Department of Psychology and Center for Neural Science, New York University, New York, New York 10003, USA.
J Neurosci. 2012 Sep 12;32(37):12702-11. doi: 10.1523/JNEUROSCI.6160-11.2012.
Humans take into account their own movement variability as well as potential consequences of different movement outcomes in planning movement trajectories. When variability increases, planned movements are altered so as to optimize expected consequences of the movement. Past research has focused on the steady-state responses to changing conditions of movement under risk. Here, we study the dynamics of such strategy adjustment in a visuomotor decision task in which subjects reach toward a display with regions that lead to rewards and penalties, under conditions of changing uncertainty.
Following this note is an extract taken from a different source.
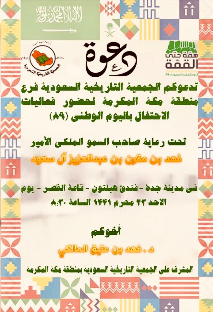 أفاد بذلك سعادة الدكتور / فهد بن عتيق المالكي ( المشرف على الجمعية التاريخية السعودية بمنطقة مكة المكرمة ) – كما يدعو الجميع للمشاركة و الحضور و الإحتفال بهذا اليوم البيهج ؛ علما بأن الدعوة عامة ومفتوحة للجميع …

In typical reinforcement learning tasks, subjects should base subsequent strategy by computing an estimate of the mean outcome (e.g., reward) in recent trials. In contrast, in our task, strategy should be based on a dynamic estimate of recent outcome uncertainty (i.e., squared error). We find that subjects respond to increased movement uncertainty by aiming movements more conservatively with respect to penalty regions, and that the estimate of uncertainty they use is well characterized by a weighted average of recent squared errors, with higher weights given to more recent trials.
人类在规划运动轨迹时,会考虑到自身的运动可变性以及不同运动结果的潜在后果。当可变性增加时,计划中的运动就会改变,以优化运动的预期结果。过去的研究主要集中在对风险条件下运动变化的稳态响应上。在这里,我们在一个视动决策任务中研究了这种策略调整的动态,在这个任务中,被试朝着一个显示区域伸出手,这些区域会带来奖励和惩罚,在不断变化的不确定条件下。在典型的强化学习任务中,被试应该通过计算最近试验中平均结果(例如奖励)的估计值来确定后续策略。相比之下,在我们的任务中,策略应该基于最近结果不确定性的动态估计值(即平方误差)。我们发现,被试通过更保守地瞄准惩罚区域来应对运动不确定性的增加,他们使用的不确定性估计值可以很好地用最近的平方误差的加权平均值来描述,其中最近的试验赋予更高的权重。